_Data provided_

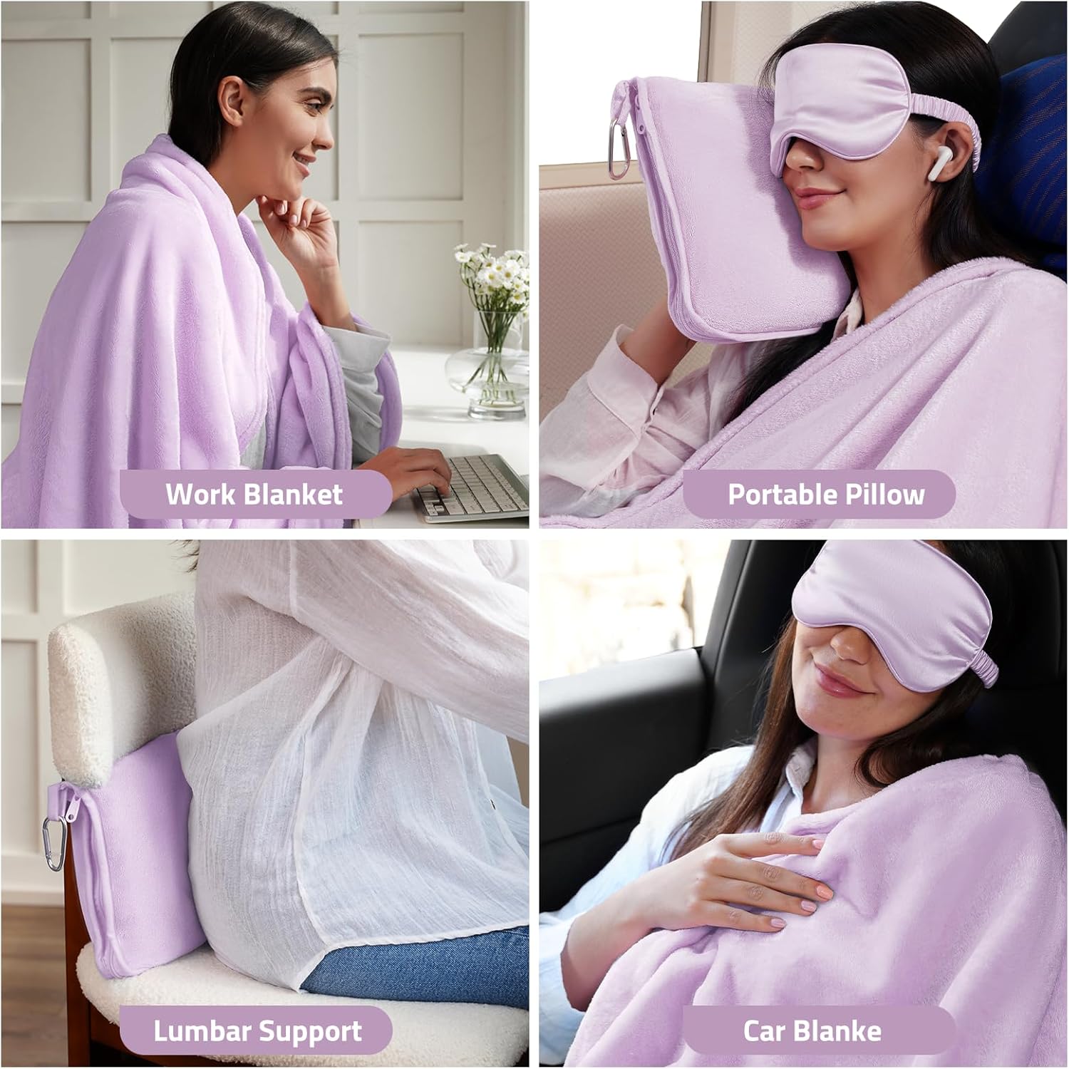 Travel Blanket, 3-in-1 Ultra-Soft, Warm & Lightweight Travel Blanket Airplane with Bag, 65x40 in, Airplane Travel Essentials for Women, Men & Kids with Eye Mask, Luggage Sleeve & Backpack Clip
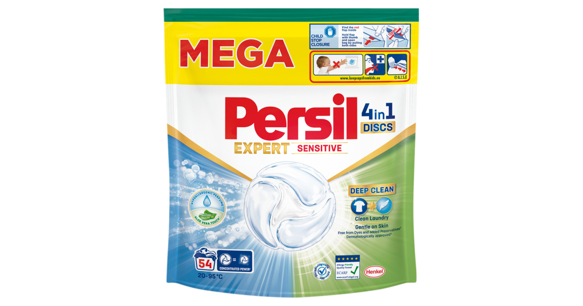 Persil Discs Expert Sensitive - це ніжні миючі капсули, спеціально розроблені для людей з чутливою шкірою, алергією та дітей. Ці інноваційні чотирикамерні капсули поєднують потужну дію очищення з максимальною м'якістю. Вони містять натуральні інгредієнти, такі як мило та алое вера, гіпоалергенний аромат і не містять консервантів і барвників. Дерматологічно перевірена та сертифікована формула розроблена для забезпечення ідеальної чистоти та захисту шкіри. Крім того, капсули PERSIL Discs Expert Sensitive є стійкими завдяки упаковці, що підлягає переробці, та біорозкладаним інгредієнтам.
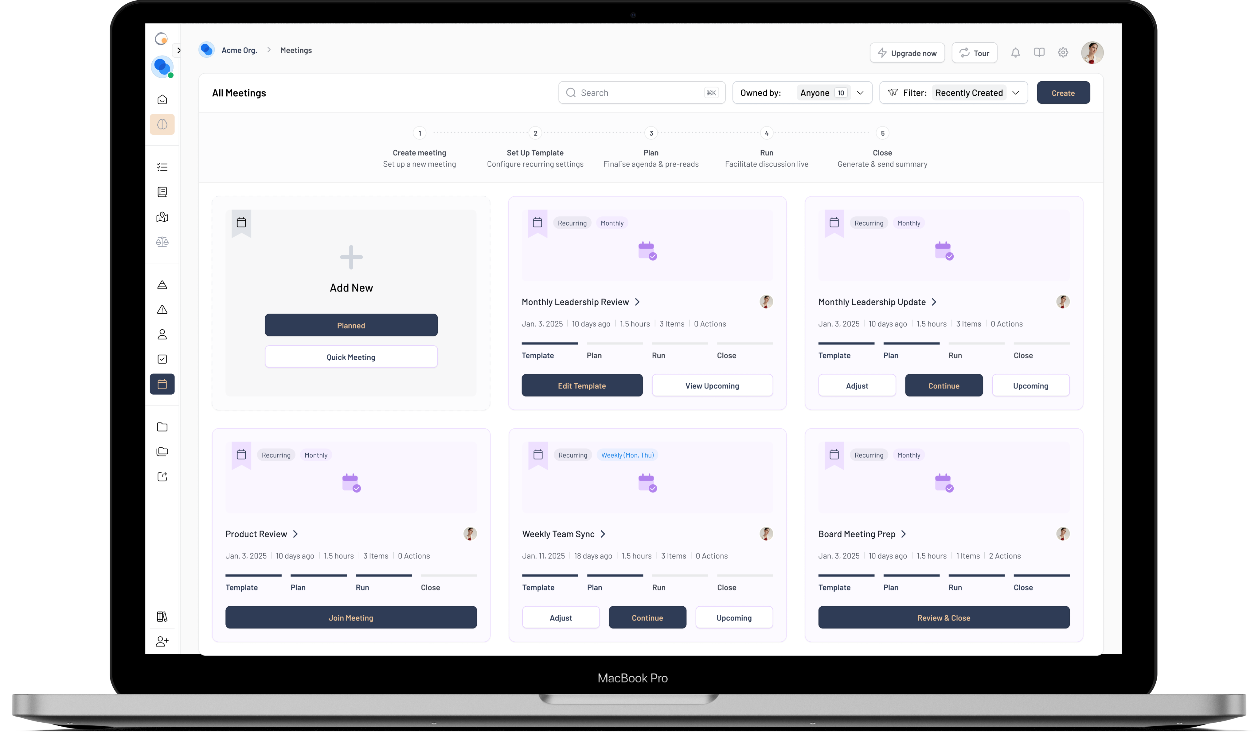 Run meetings with guided workflows and action tracking

_Your goal_
With the pictures set aside, return each line of the listing exactly as given.

_Result of this task_
 Travel Blanket, 3-in-1 Ultra-Soft, Warm & Lightweight Travel Blanket Airplane with Bag, 65x40 in, Airplane Travel Essentials for Women, Men & Kids with Eye Mask, Luggage Sleeve & Backpack Clip
 Persil Discs Expert Sensitive - це ніжні миючі капсули, спеціально розроблені для людей з чутливою шкірою, алергією та дітей. Ці інноваційні чотирикамерні капсули поєднують потужну дію очищення з максимальною м'якістю. Вони містять натуральні інгредієнти, такі як мило та алое вера, гіпоалергенний аромат і не містять консервантів і барвників. Дерматологічно перевірена та сертифікована формула розроблена для забезпечення ідеальної чистоти та захисту шкіри. Крім того, капсули PERSIL Discs Expert Sensitive є стійкими завдяки упаковці, що підлягає переробці, та біорозкладаним інгредієнтам.
 Run meetings with guided workflows and action tracking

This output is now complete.